> _SOURCE MATERIAL_
○ ○ ○ ○ ○ ○ ○
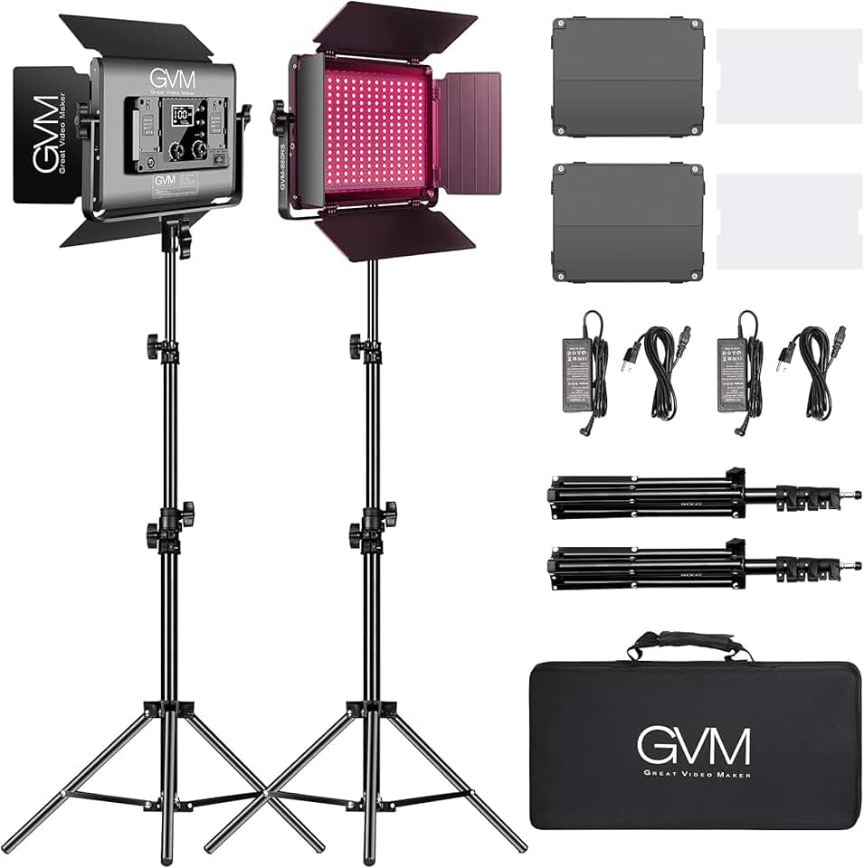 GVM RGB LED Video Light with Bluetooth Control, 60W Photography Studio Lighting Kit with Stands, 2-Packs 880RS Dimmable Led Panel Light for YouTube, Streaming, Gaming, 8 Applicable Scenes, CRI97
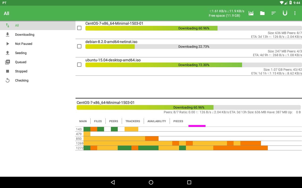 PTorrent Pro - Cliente de Torrent es un cliente de torrent fácil y conveniente con muchas funciones diferentes. Lo primero que llama la atención es la interfaz de esta aplicación, es muy simple y muy brillante, y puedes reemplazar el fondo que necesites. Puedes crear un archivo torrent o un enlace magnético.
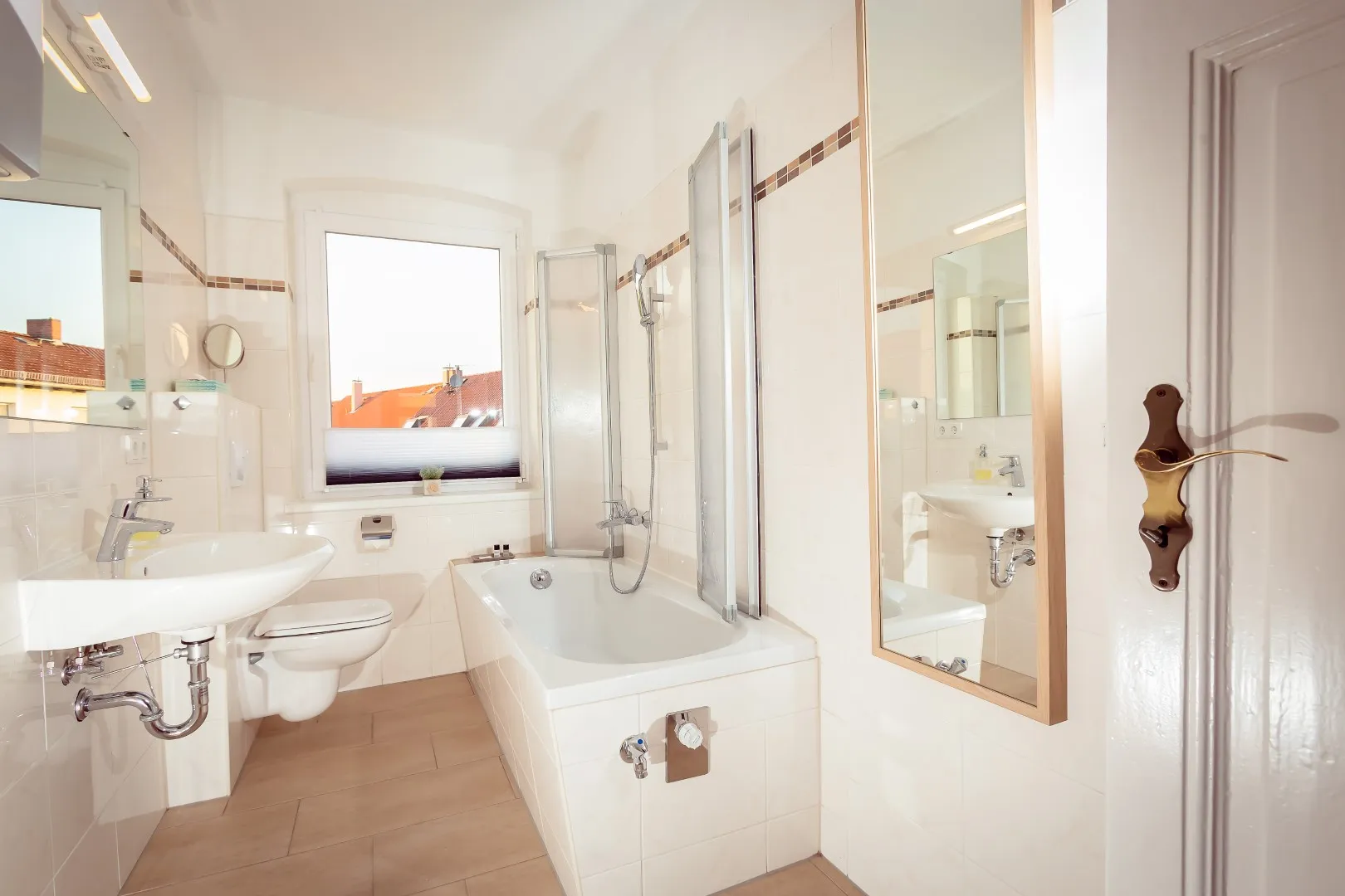 „Modern ausgestattete und geräumige Ferienwohnung. Es war alles sehr sauber. Ruhige Lage. Eine Straßenbahnhaltestelle befindet sich in unmittelbarer Nähe, sodass wir komplett auf das Auto verzichten konnten.“
○ ○ ○ ○ ○ ○ ○
> _EXERCISE DESCRIPTION_
All of the listing should be transcribed exactly, but none of its images.

> _RESULT OF THIS TASK_
 GVM RGB LED Video Light with Bluetooth Control, 60W Photography Studio Lighting Kit with Stands, 2-Packs 880RS Dimmable Led Panel Light for YouTube, Streaming, Gaming, 8 Applicable Scenes, CRI97
 PTorrent Pro - Cliente de Torrent es un cliente de torrent fácil y conveniente con muchas funciones diferentes. Lo primero que llama la atención es la interfaz de esta aplicación, es muy simple y muy brillante, y puedes reemplazar el fondo que necesites. Puedes crear un archivo torrent o un enlace magnético.
 „Modern ausgestattete und geräumige Ferienwohnung. Es war alles sehr sauber. Ruhige Lage. Eine Straßenbahnhaltestelle befindet sich in unmittelbarer Nähe, sodass wir komplett auf das Auto verzichten konnten.“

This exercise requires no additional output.